[Stored items]
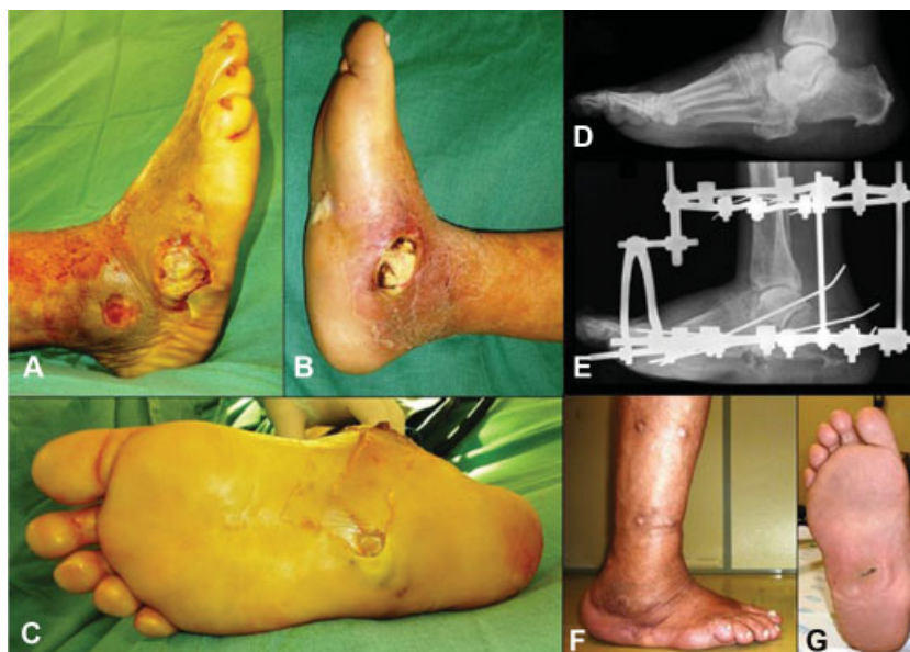
Fig. 1 Imagens lateral (A), medial (B) e plantar (C) do pé direito, mostrando a presença de múltiplas úlceras infectadas com necrose tecidual associada. Na imagem radiográfica pré-operatória, realizada na incidência lateral do pé, nota-se luxação talonavicular e saliência plantar do osso cubóide no mediopé (D). Após o debridamento cirúrgico e remoção do osso cubóide luxado, a imagem radiográfica na incidência lateral do pé mostra a estabilização da extremidade com o fixador externo circular (E). Seis meses após o tratamento foi possível evitar a amputação da extremidade e o pé encontra-se alinhado e livre da infecção e das úlceras (F e G).

Algumas infecções moderadas e todas as infecções profundas e graves necessitam de internação hospitalar imediata para início do tratamento o mais rápido possível a fim de reduzir o risco de amputação. 46,56 Nos casos graves, é mandatório realizar intervenção cirúrgica precoce voltada para drenar os abscessos profundos e remover, por meio de cuidadoso debridamento, tanto os tecidos moles desvitalizados quanto todo osso infectado e necrótico. Ênfase deve ser dada na recomendação para deixar a ferida operatória completamente aberta para permitir drenagem contínua e evitar a coleção de novo abscesso. 46,56 (→ Figura 1 ) Frequentemente, são necessárias múltiplas
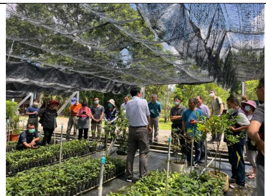
圖 10、學員討論及意見交流。
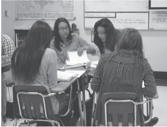
写真2 グループに分かれて熱心に議論する生徒たち
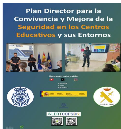
Imagen 2. Plan Director para la convivencia y mejora de la seguridad en centros educativos y sus entornos

*Action item*: Begin with the line that has "写真2 グループに分かれて熱心に議論する生徒たち" and continue to the last line of the entries, printing each line exactly and nothing else; include both ends and skip the pictures.

*Task answer*:
写真2 グループに分かれて熱心に議論する生徒たち
Imagen 2. Plan Director para la convivencia y mejora de la seguridad en centros educativos y sus entornos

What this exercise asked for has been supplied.